At this point you may be asking: “What does any of this have to do with WebRTC? I don’t recall Cecil B. DeMille directing too many video calls.”

Sure, a WebRTC session doesn’t need DeMillean grand feats of mise en scène, but it still has an aspect of direction:

Who is available?
Whose stream is connected where?
Who is on screen right now?

These choices traditionally have been implicit and managed for end users by a default software implementation. But developers now are conceiving of video experiences in more innovative and flexible ways. If you're building a more advanced video communications app, you may need to think more deeply about these questions. Thinking about participants like actors in various states of readiness can help to clarify the design of your real-time video product or feature.

In this post I’d like to explain the problem space, lay down some necessary terminology, and show how you can make these choices using Daily’s API for both interactive video calls and live streams. (And if eventually you do want to go full DeMille, don’t forget that Daily’s video background replacement API can be used to place your participants in ancient Egypt or biblical Israel. Chewing the scenery with overacting still needs to be supplied at the source, we don’t yet have an AI for that.)

Exploring a familiar TV format

Most people probably know Who Wants to Be a Millionaire, the TV game show format licensed all around the world. (You may also have seen it in the Oscar-winning movie Slumdog Millionaire.)

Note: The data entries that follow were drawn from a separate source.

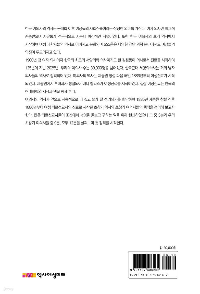 --- p.5 1886년의 의사 스크랜튼의 어머니인 스크랜튼 여사가 설립한 ‘이화학당’과 1887년 엘러스 의료선교사가 설립한 ‘정동여학당’은 이렇게 시작되었다. 내외법에 의해 자신의 능력을 계발하지 못하고 활동 범위가 가정 내에 한정되어 있던 여성들이 밖으로 활동 영역을 넓히는 계기가 되었다. --- p.23 여권통문은 우리나라 최초의 한국여성인권선언서다. ‘여권통문(女權通文)’, 여성인권선언문에는 명시적으로 ‘권리’라는 단어가 사용되었다. 교육권, 노동권(경제활동 참여권, 직업권), 정치참여권(참정권,정치권) 등 크게 3가지 권리에 대한 주장을 담고 있다. --- p.26 1970년부터의 의대 입학생 성별분포를 살펴보면 여학생의 의대 입학 비율 증가 경향은 더 두드러진다. 다음 통계에서 나타나듯이 1998년까지는 의대의 여학생이 30%를 못 미치는 상황이었으나 여학생의 비율은 이미 20여 년간 30% 이상에 달하며 곧 전체 여의사의 비율은 총 의사수의 30%를 넘을 것으로 예상된다. --- p.44 조선초기에는 활인 철학에 입각, 양반 출신들이 의원진출이 두드러지고 특히 태종, 세종시대에는 백성들의 생명을 중시하는 의료제도를 매우 중하게 여기면서 의료제도 및 의학발달이 함께 이루어졌다. 세종시대에는 세종의 의학에 대한 특별한 관심에 힘입어 의녀제도가 발전하였다. --- p.50 1900년 10월 귀국 직후부터 의료현장에서 환자를 바로 진료하기 시작한 김점동(박에스더)은 우리 국민 곁의 진정한 활인의사로 고국에서 의사생활을 시작하였다. 남녀를 막론하고 환자를 돌보는 첫 한국인 서양의사였다. --- p.58 근대 여의사들이 주로 담당했던 분야는 산부인과, 소아과였다. 여의사가 되는 과정도 힘들었지만 사회 편견은 물론, 가정과 일을 양립하는 어려움 역시 매우 컸다. 대단한 의지로 그녀들은 의료활동과 여성운동, 3·1 운동을 비롯한 독립운동, 사회계몽운동에 맹렬한 열정으로 참가하였다. 근대 여의사들은 여성과 미래세대 교육, 여성운동의 최일선에 서서 전문가로서 인술을 펼치며 생명을 구하고 나아가 사회와 나라를 구하는 운동을 펼쳤다. --- p.77 로제타 홀은 1890년 25세 처녀로 당시 미국에서도 흔치 않았던 의료선교사로 조선을 찾은 뒤 43년간 조선 땅에 머물며 조선 여성들의 건강과 교육을 위해 자신의 인생을 헌신한 여성이다. 그는 최초의 한국 여의사 배출을 포함하여 여의사 양성의 지평을 열어 ‘한국 여의사의 어머니’로 존경받고 있다. --- p.106 |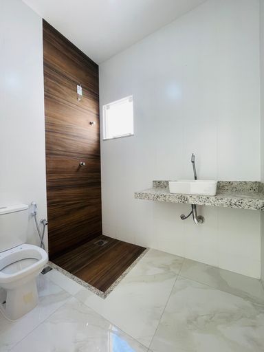 A área externa é um verdadeiro convite ao lazer: quintal amplo, área de churrasqueira para confraternizações e ducha, ideal para refrescar nos dias quentes.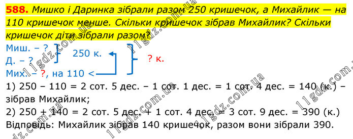 Мишко і Даринка зібрали разом 250 кришечок, а Михайлик — на 110 кришечок менше. Скільки кришечок зібрав Михайлик? Скільки кришечок діти зібрали разом? Миш. – ? Д. – ? Мих. – ?, на 110 < 1) 250 – 110 = 2 сот. 5 дес. – 1 сот. 1 дес. = 1 сот. 4 дес. = 140 (к.) – зібрав Михайлик; 2) 250 + 140 = 2 сот. 5 дес. + 1 сот. 4 дес. = 3 сот. 9 дес. = 390 (к.) Відповідь: Михайлик зібрав 140 кришечок, разом вони зібрали 390.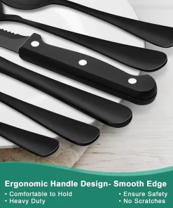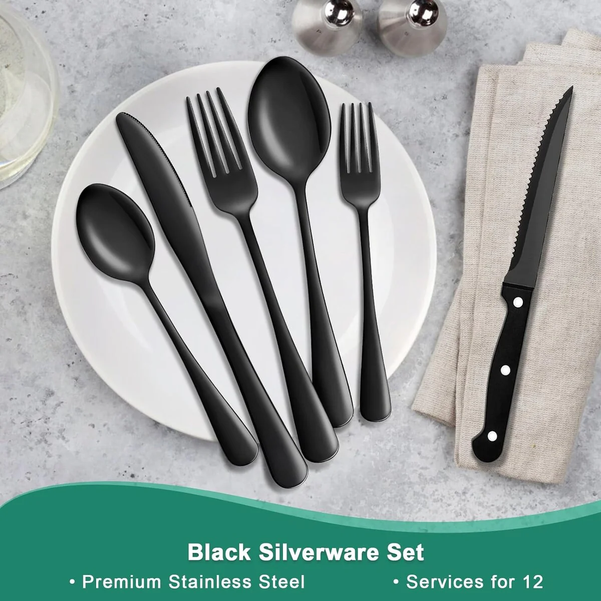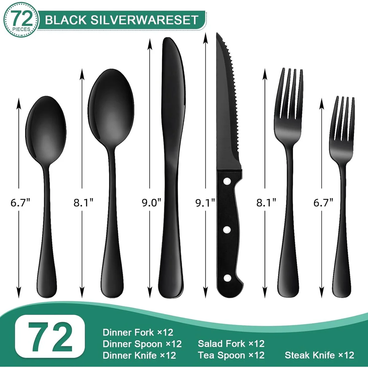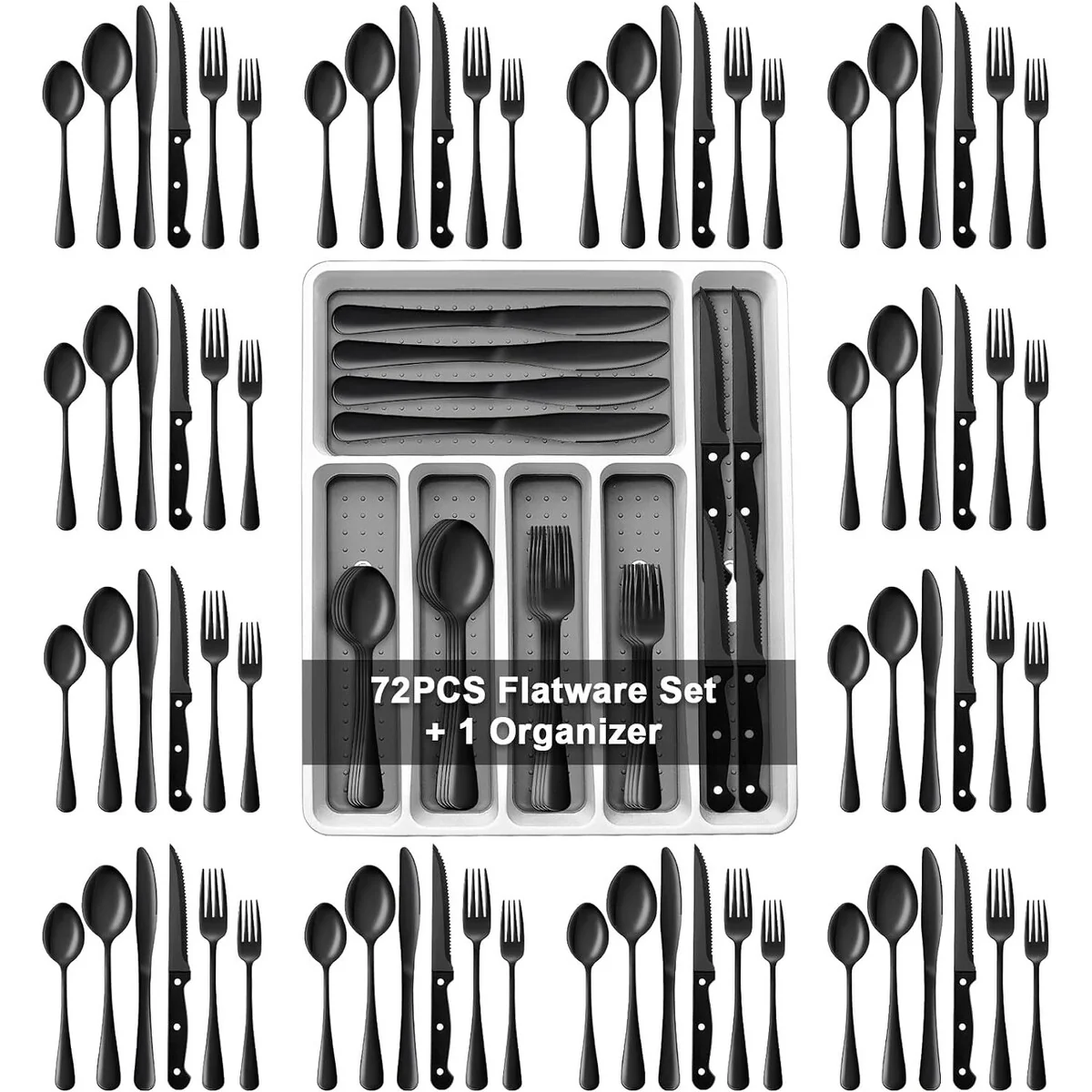 PREMIUM 73-PIECE SILVERWARE SET – Silverware set includes 12 steak knives,12 dinner knives, 12 dinner forks, 12 salad forks, 12 dinner spoons and 12 teaspoons. Additional 1 silverware tray organizer which is simple and generous, suitable for most families, and can be used on formal or casual occasions. Provide you with a better dining experience.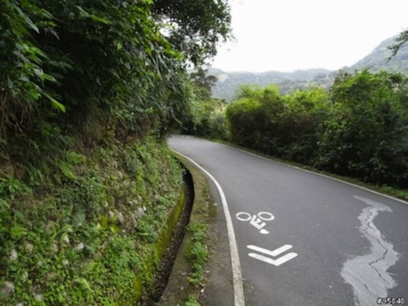 下圖是實景圖,實際距離路面最高點約只有15公尺,可是15公尺後的路況完全是一片空白。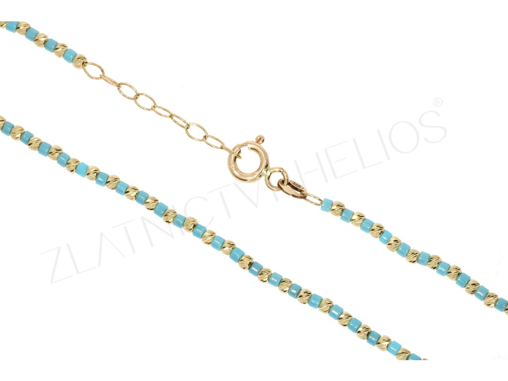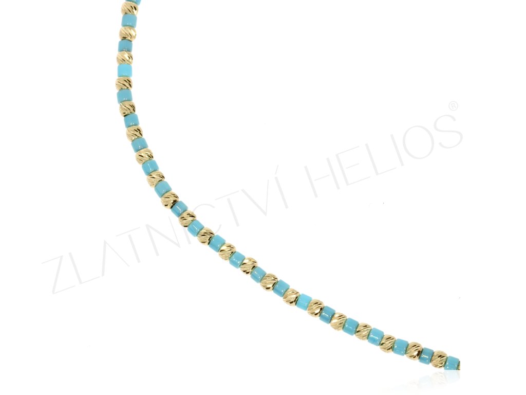 Zlatý náramek zdobený drobnými tyrkysovými kuličkami, které dodávají šperku jemnost a jedinečnost.

This kind of game show is interesting to us because it’s nearly real-time in execution and follows a strict template, almost like a computer program. There are multiple participant roles which determine when someone gets on screen. You could think of the show format as a state machine: “If person in role X chooses option C, then we enter state N where we’ll need to bring in a person in role Y to do their thing”… These are the kind of rules we’d be encoding in program code if this game were a WebRTC application.

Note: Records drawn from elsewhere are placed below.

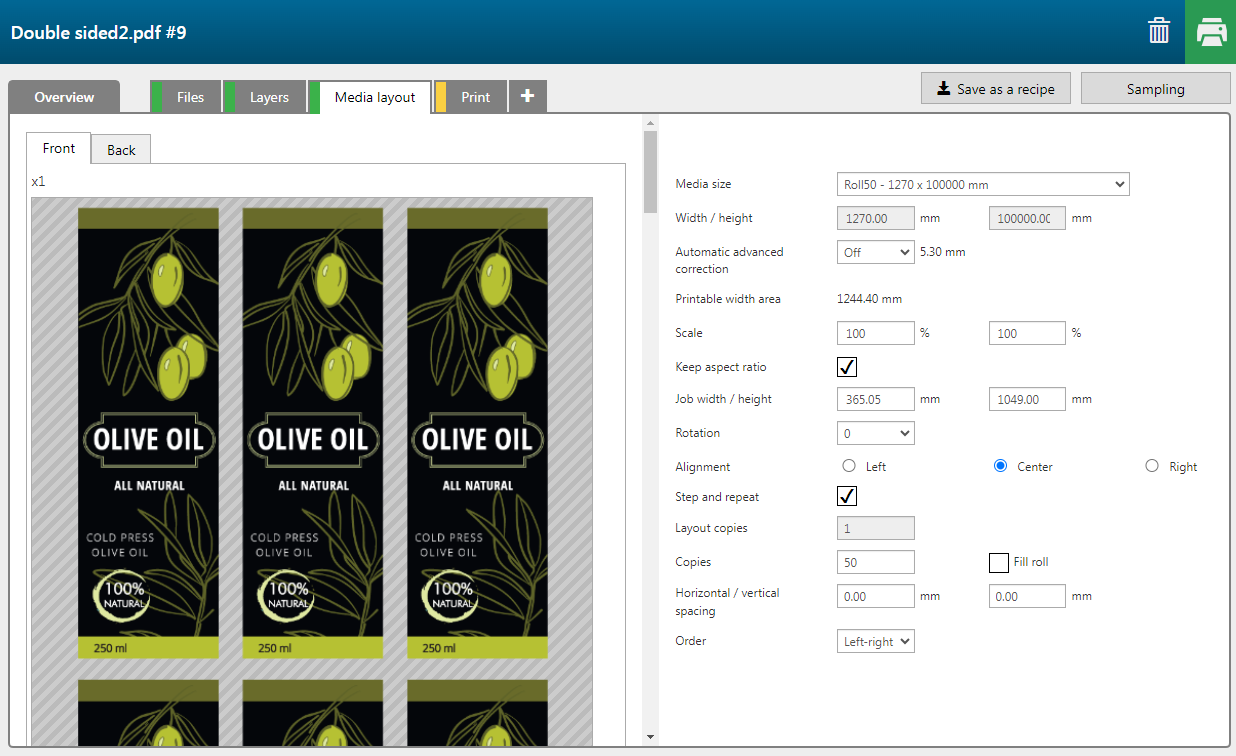 Die Anzahl der Rollen wird automatisch berechnet. Dies hängt von der Anzahl der Kopien und der Materialgröße ab. |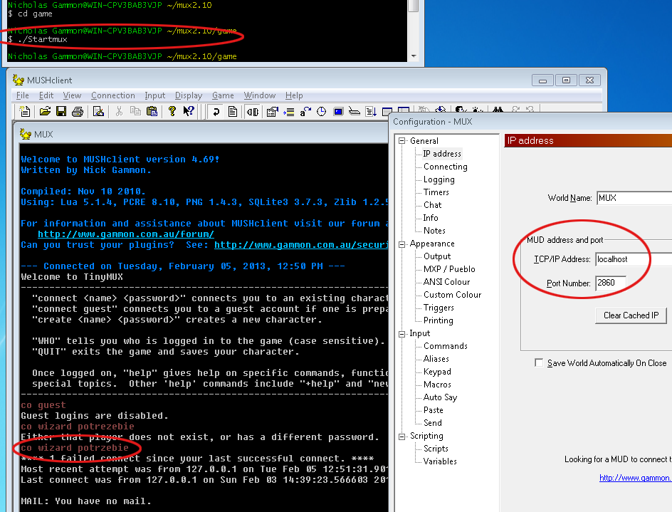 | | Yeah, I have that entered into Cygwin right now and is, I guess, running currently, and opened my MUSHclient second and attempted to connect with the localhost and default port. It's acting like it doesn't exist. | | Top |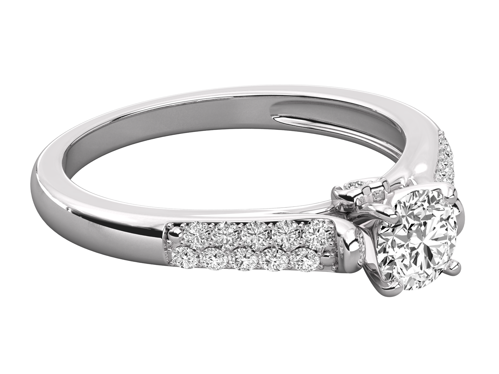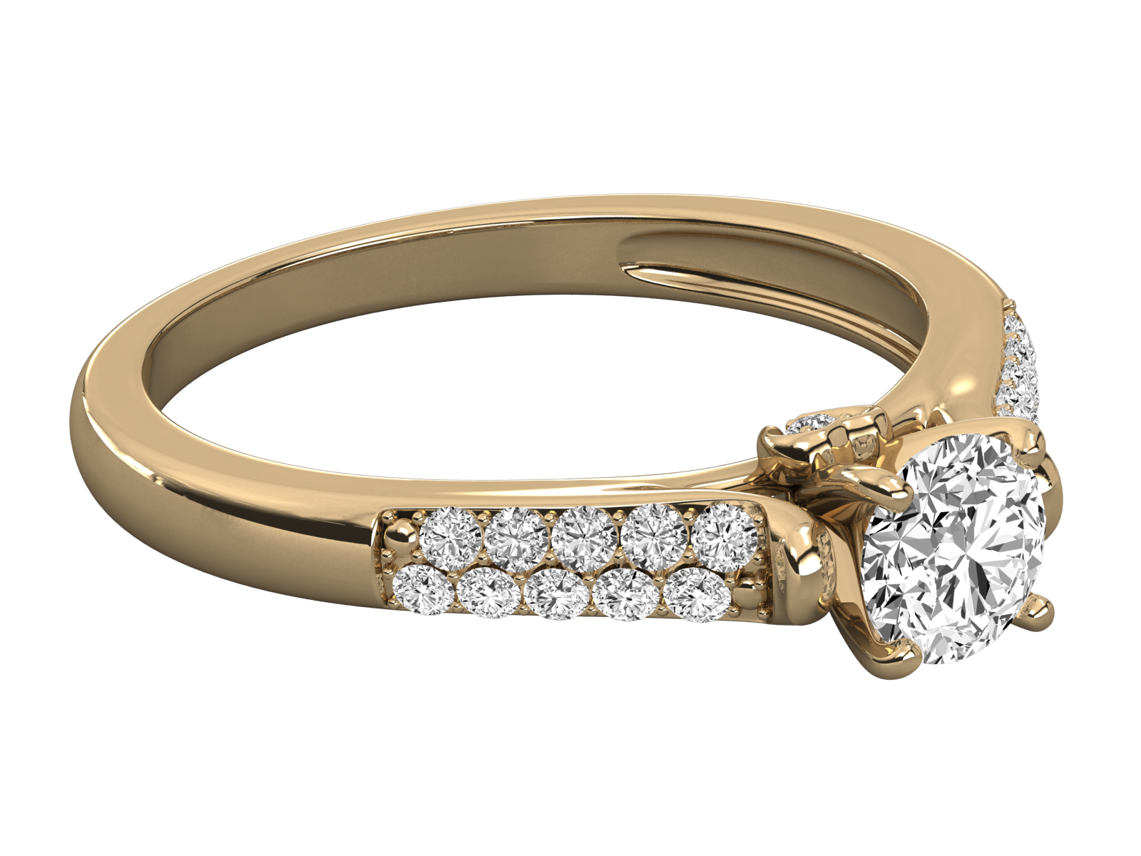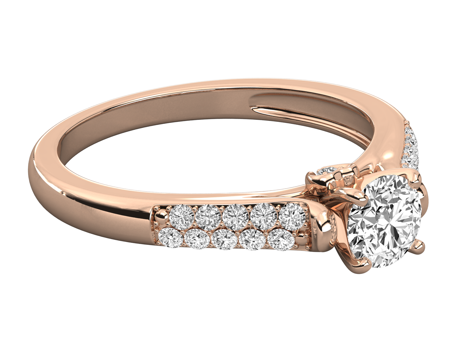 This elegant rose gold engagement ring. A brilliant round center diamond is accented by shimmering pave-set diamonds along the tapered band. The delicate design offers classic beauty with a modern touch, making it the perfect symbol of your everlasting love and commitment.

There are four roles in the show:

host
contestant
“Phone a friend” remote helper
“Ask the audience” live helper

The last role varies between countries. Sometimes the “Ask the audience” lifeline is implemented as an electronic poll. For this discussion, let’s assume it’s live: an audience member gets to stand up and tell the contestant what they believe is the right answer.

Of the four roles, the host is the only permanent one. There is always a camera and a spotlight pointed at them. The other roles are initially waiting to be called in. They are available but not yet selected. (This also applies to contestants because usually the game starts with six or ten contestants and an initial round of “Fastest Finger First” is used to select who gets to play for money.)

Once the main game starts, the host and one contestant are in their places. They’re now permanently selected. The director can mix their camera streams into the final output stream at any time.

In a TV studio, a hardware device called a switcher is used for this purpose. When a person is on-screen, we can say they’re switched on.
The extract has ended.